Monday, March 2, 2009

Presentation Reflection

I spent a lot of time choosing the format and content of the presentation, originally I planned to do an activity that I could offer to upper-intermediate students as a demonstration of task-based/role-playing speaking activity. It is called "The people of our neighborhood" and I really like both administering and taking part in it. The storyline goes like this: there are several families in the neighborhood, so the students are split in 3-4-5-6-10 groups with same number of people in each group. Then the roles are distributed: mother, father, son, cousin etc. Each family also has a secret, so the groups receive a sheet describing their mystery. Maybe, one family sold a fake Chinese vase to another, and the third family accidentally killed the dog of the first family, you get the picture. Anyway, the family gets together, reads their secret and decides on one person, who will tell the real secret. The rest come up with cover ups. Then members of different families meet to talk about the secrets, like all fathers get together and all aunts, and all uncles. After everyone had an opportunity to talk to everyone the families reconvene and try to decide what is the secret of other families. Then it moves to an all-class discussion. It is a fun activity to do, and it also gives opportunities to talk about question techniques, answer evasion and other discourse problems.

And now to something completely different like things that I have actually included in my presentation.

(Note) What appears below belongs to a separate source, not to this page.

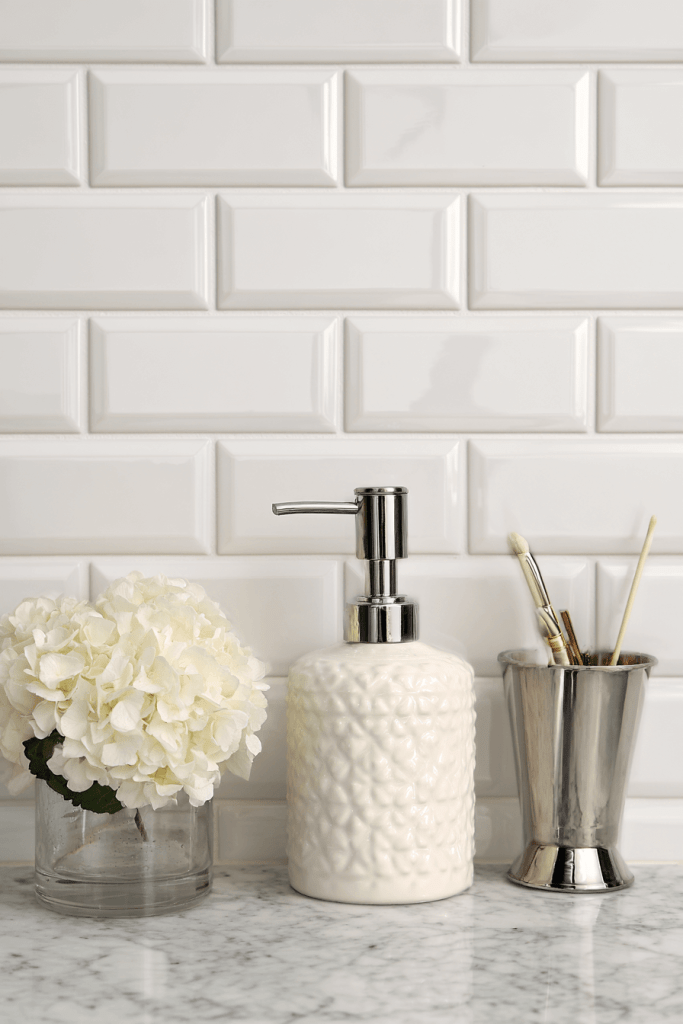 Think stylish soap dispensers, chic trays, wall art, or even a set of matching jars for cotton balls and Q-tips.
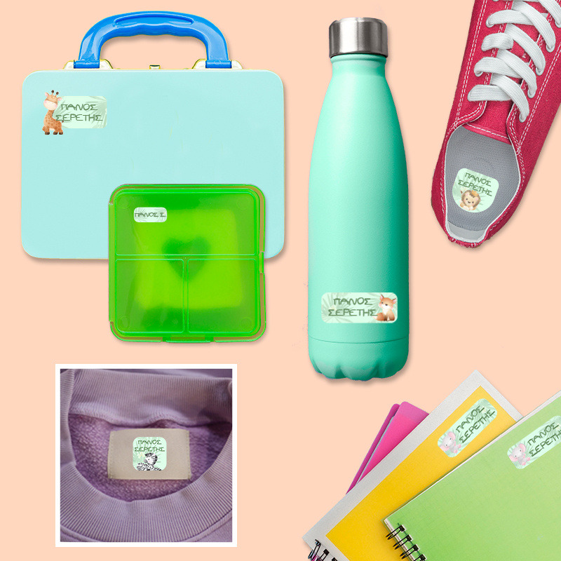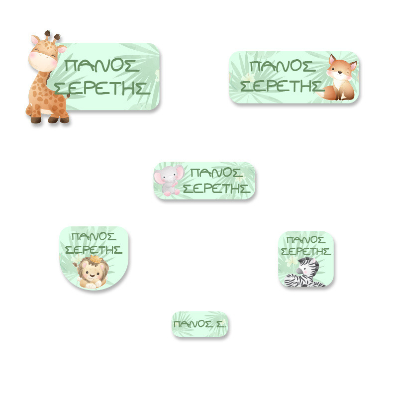Αδιάβροχες σχολικές ετικέτες Ζωάκια Ζούγκλας με όνομα Starter Pack

After I did some time calculations, I realized that "The people of our neighborhood" are not going to happen, so I decided to do a small warm-up discussion and then do two application activities. I probably should have done some more time calculations, but I always over plan.

For the discussion I chose two questions that seem most controversial to me, fluency vs. accuracy and pronunciation. I was thinking about including feedback instead of pronunciation, since pronunciation is a huge topic, I mean, we spent half a semester on it alone, but then I remembered that we have already talked about feedback, so I went with those two. For the activities I had the teaching scenarios, and for the second activity I was going to split everyone into pairs and have each pair design one activity that would enforce one of Brown's principles. But we didn't have time for that.

Overall, I felt that the presentation went pretty well, although the discussion part took longer than I expected, but I decided not to break it up, since we were having a really valuable conversation about really important topics. The scenario activity also went pretty well and it was, I thought, a nice change from the discussion format.

Teaching speaking is a huge topic and there is no way to touch, even briefly all of its issues, but I hope we got a chance to talk and think about at least some things tonight.

3 comments:

Lillian Chang said...

Hi Mariya, I heard about you immigranted to the states when you're little. If this is correct, I'm curious about your experience. Do you still have the feeling that you faced the difficulty of learning Enlish at the beginning? Or it's not a challenge at all. Thank you.

Mariya said...

Lilian, I think that you have me confused with someone else. I moved to the States three years ago. I did start learning English, when I was three, and then I spent six months in the US when I was 13. But I am definitely a relatively recent immigrant.

And since I practically grew up bilingual I don't remember any major challenges :)

Jayne said...

I think that your discussion went well. I agree it was a helpful learning kind of conversation.
It is important to discuss what we read to get a sense of how we all experience the things that we read about. We can all experience the same thing and draw different conclusions about how we as teachers should respond. We don't all experience the same thing so that makes it even more interesting to converse.